Mapo tofu, the beloved Sichuan dish, historically comes bathed in a daring, spicy, deeply umami sauce. Whereas this mapo tofu interpretation comes with three essential variations – meat-free, chilly and no-cook – it’s imbued with the identical huge flavors and textures of the unique dish. Doubanjiang and Sichuan peppercorns – the signature seasonings of mapo tofu – mix with aromatics to create a fast, punchy sauce that turns a block of chilly tofu right into a meal. Style your model of doubanjiang so that you’re accustomed to how spicy and salty the bean sauce is; then modify the quantity you employ accordingly. There are various wonderful manufacturers available on the market, however search for ones labeled Pixian which denotes it was made within the space of Chengdu, China, which is the house of mapo tofu. A superb model that’s obtainable in america is Juan Cheng.

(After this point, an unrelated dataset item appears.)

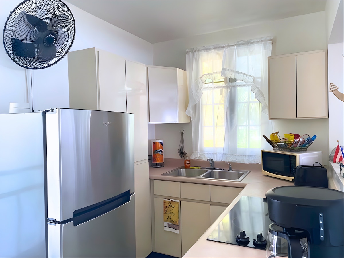 Apt#3- Experience Vega Baja in this 2BR/1BA top level home just steps from Puerto Nuevo (Mar Bella), Puerto Rico’s only Blue Flag beach! Enjoy AC in each room, gated parking, WiFi, full kitchen, living room w/ TV, and heated water. Includes outdoor shower, large balcony, hammock, beach chairs, cooler, and more! Ocean breeze flows naturally throughout the home. Explore Ojo de Agua, local foods, and nearby shops. Central location to discover the island, ideal for couples, friends, or families!
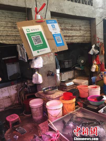 圖為燎源菜市的魚攤位上方懸掛著收款二維碼!≈転t男 攝

Notes: Silken tofu that is available in plastic containers might be tough to take away with out breaking up. Utilizing sharp kitchen scissors, fastidiously trim off the sides of the field and peel the plastic cowl off fully, then place a clear towel over the tofu, adopted by a plate, and flip it over. Snip every of the 4 corners of the plastic container off to assist launch the plastic container from the tofu and punctiliously elevate it proper off. Your tofu needs to be intact. Fold the edges of the towel over the tofu or place one other on prime.

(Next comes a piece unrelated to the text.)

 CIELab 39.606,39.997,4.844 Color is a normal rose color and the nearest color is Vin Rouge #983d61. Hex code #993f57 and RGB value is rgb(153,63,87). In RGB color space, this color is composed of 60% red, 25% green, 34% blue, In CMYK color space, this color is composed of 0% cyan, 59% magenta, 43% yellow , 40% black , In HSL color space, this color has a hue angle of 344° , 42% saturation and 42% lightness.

To grind Sichuan peppercorns, put them in a mortar and pestle and bash them till coarsely floor – there will likely be high quality powder combined up with bits of smashed husks. Use all of it. In the event you desire, substitute entire dried pink chiles or crushed pink pepper flakes (however you received’t get the tingly, numbing impact the Sichuan pepper presents!).

Doubanjiang goes by many names: It’s typically offered as spicy bean paste, spicy broad bean paste, broad bean chili sauce or fermented chili bean paste. There are two varieties of doubanjiang: One packed in oil that tends to be spicier, whereas the opposite is a chunkier paste. Each will work on this recipe, however differ the quantities relying how spicy you need it.

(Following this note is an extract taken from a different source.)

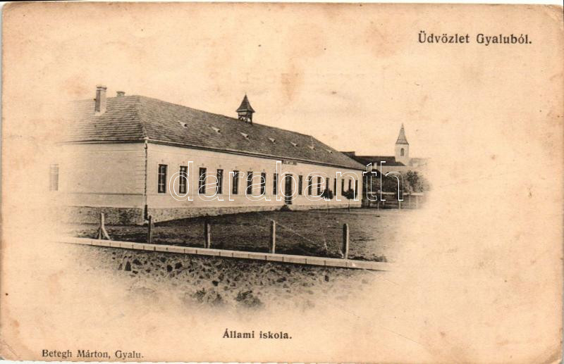 Gyalu, Gilau; Állami iskola, kiadja Betegh Márton / school (EK) https://www.darabanth.com/hu/274-Gyorsarveres/274.0/Kepeslapok/Erdely~400007/Gyalu-Gilau-Allami-iskola-kiadja-Betegh-Marton-school-EK~II1400273

The place to purchase: Doubanjiang and Sichuan peppercorns might be discovered at Asian markets or on-line.

Storage: Refrigerate leftovers for as much as 4 days.

From cookbook creator Hetty Lui McKinnon.



  1. Step 1

    Drain the tofu: Fastidiously drain the liquid from the packages of tofu (see NOTES), and gently tip the blocks onto a kitchen towel and canopy with a second towel. (Attempt to hold the blocks in a single piece, if potential, however don’t fear in the event that they collapse.) Let drain whilst you put together the sauce.

  2. Step 2

    Make the mapo sauce: In a medium bowl, stir collectively the water, doubanjiang and sugar till the sugar is dissolved and the doubanjiang is damaged up. Add the garlic, ginger, sesame oil, rice vinegar and Sichuan pepper, and stir till the combination is uniform and pourable. If it’s too thick or spicy, stir in one other 1 to 2 teaspoons of water; you need to have about 1/2 cup.

  3. Step 3

    Assemble the dish: Uncover the tofu, slice into bite-size cubes and switch to a rimmed platter. Pour the sauce over the tofu, and prime with the scallions and sesame seeds. Eat as is, or with rice.

Dietary Info

Per serving (1 cup tofu, 2 tablespoons sauce)

  • Energy


  • Carbohydrates

    10 g

  • Fats

    12 g

  • Fiber

    1 g

  • Protein

    16 g

  • Saturated Fats

    2 g

  • Sodium

    512 mg

  • Sugar

    5 g

This evaluation is an estimate primarily based on obtainable components and this preparation. It shouldn’t substitute for a dietitian’s or nutritionist’s recommendation.

From cookbook creator Hetty Lui McKinnon.

Examined by Anna Rodriguez.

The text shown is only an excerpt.